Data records

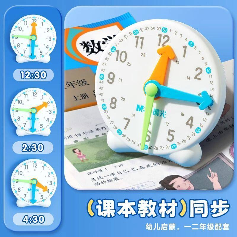 📚 晨光钟表模型小学生教具一二三年级认识时间三针联动数学学习钟
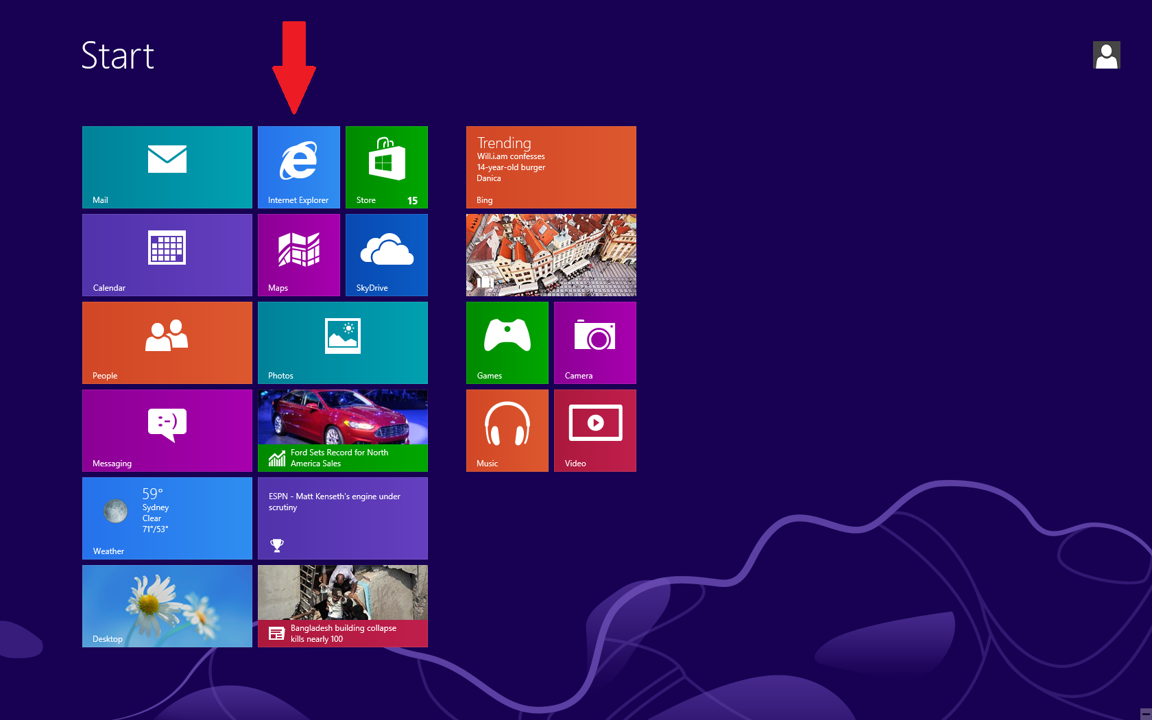 1) To start Internet Explorer from the Start Screen, click on the Internet Explorer tile as shown in the image below.
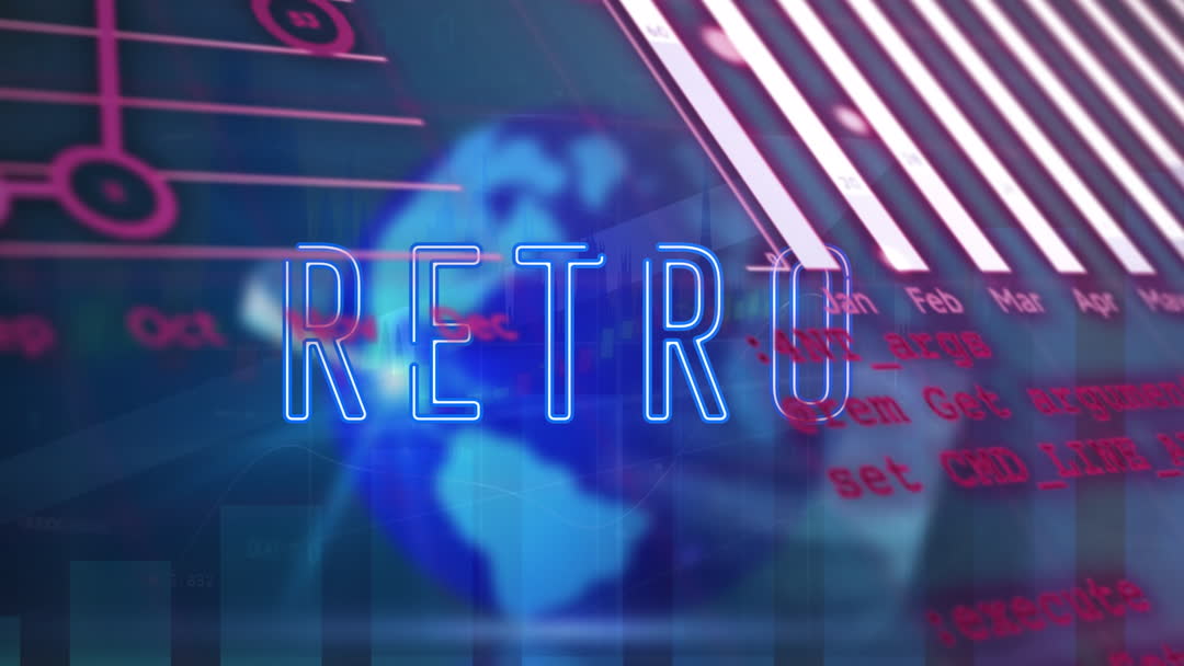 This visualization shows neon 'Retro' text overlaying coded data and a world map. Use in materials related to technology development, retro-inspired interfaces, or instructional videos on data processing and analysis.
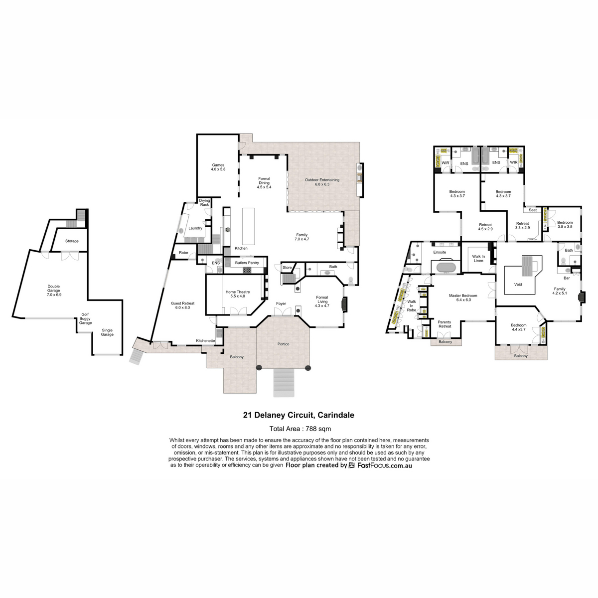 Retire to the upper floor where there are five large bedrooms, three of which are ensuited and host retreats. The master retreat boasts a Juliette balcony, a large walk-in robe with floor to ceiling cabinetry, ensuite with dual vanities, spa bath and a large triple shower. The fourth living area is also located on the upper floor.
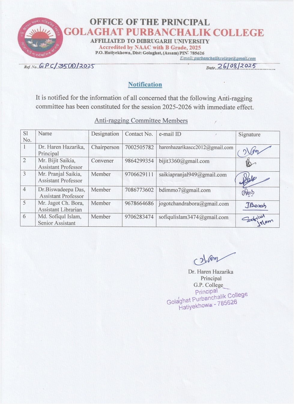 ANTI RAGGING COMMITTEE: (2025-2026)
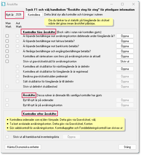 De fyra första raderna i Kontroller före årsskifte behandlar de olika beställningarna. Kontrollera att alla beställningar är betalda. Om det finns beställningar som av någon anledning inte är betalda måste dessa hanteras innan årsskiftet. Klicka i så fall på knappen Öppna. När allt är klart, sätt en markering i kryssrutan. Om ingen åtgärd behövs sätts en markering i kryssrutan till höger per automatik.
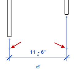 Прим.: Щелкните левой кнопкой мыши элемент управления вспомогательной линией для изменения опорной точки данного элемента. Например, щелчок левой кнопкой мыши элемента управления стены вызывает переключение опорной точки между осевой линией, внутренней гранью и наружной гранью стены.
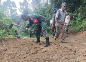 Panyabungan Selatan – Babinsa Koramil 13/Panyabungan Kodim 0212/Tapsel Sertu Albaini bersama warga masyarakat setempat melaksanakan kegiatan gotong...
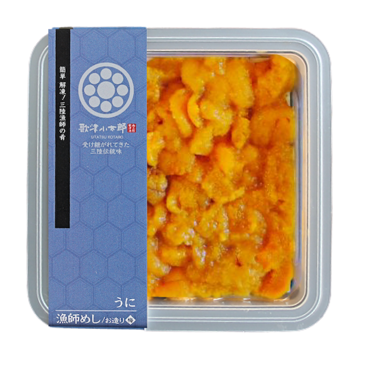 口の中でとろける甘みと磯の風味がたまらない濃厚なうに。ごはんはもちろん、お酒のお供にもぴったりな歌津小太郎自信作の逸品です。数に限りがありますので、予告なく売り切れる場合がございます。予めご了承ください。

GOAL OF THE EXERCISE ▸ Starting at the line above that holds "This visualization shows", repeat every line exactly down to and including the line that holds "Retire to the", then stop. Do not carry over any pictures.

ANSWER FOR THE TASK ▸
 This visualization shows neon 'Retro' text overlaying coded data and a world map. Use in materials related to technology development, retro-inspired interfaces, or instructional videos on data processing and analysis.
 Retire to the upper floor where there are five large bedrooms, three of which are ensuited and host retreats. The master retreat boasts a Juliette balcony, a large walk-in robe with floor to ceiling cabinetry, ensuite with dual vanities, spa bath and a large triple shower. The fourth living area is also located on the upper floor.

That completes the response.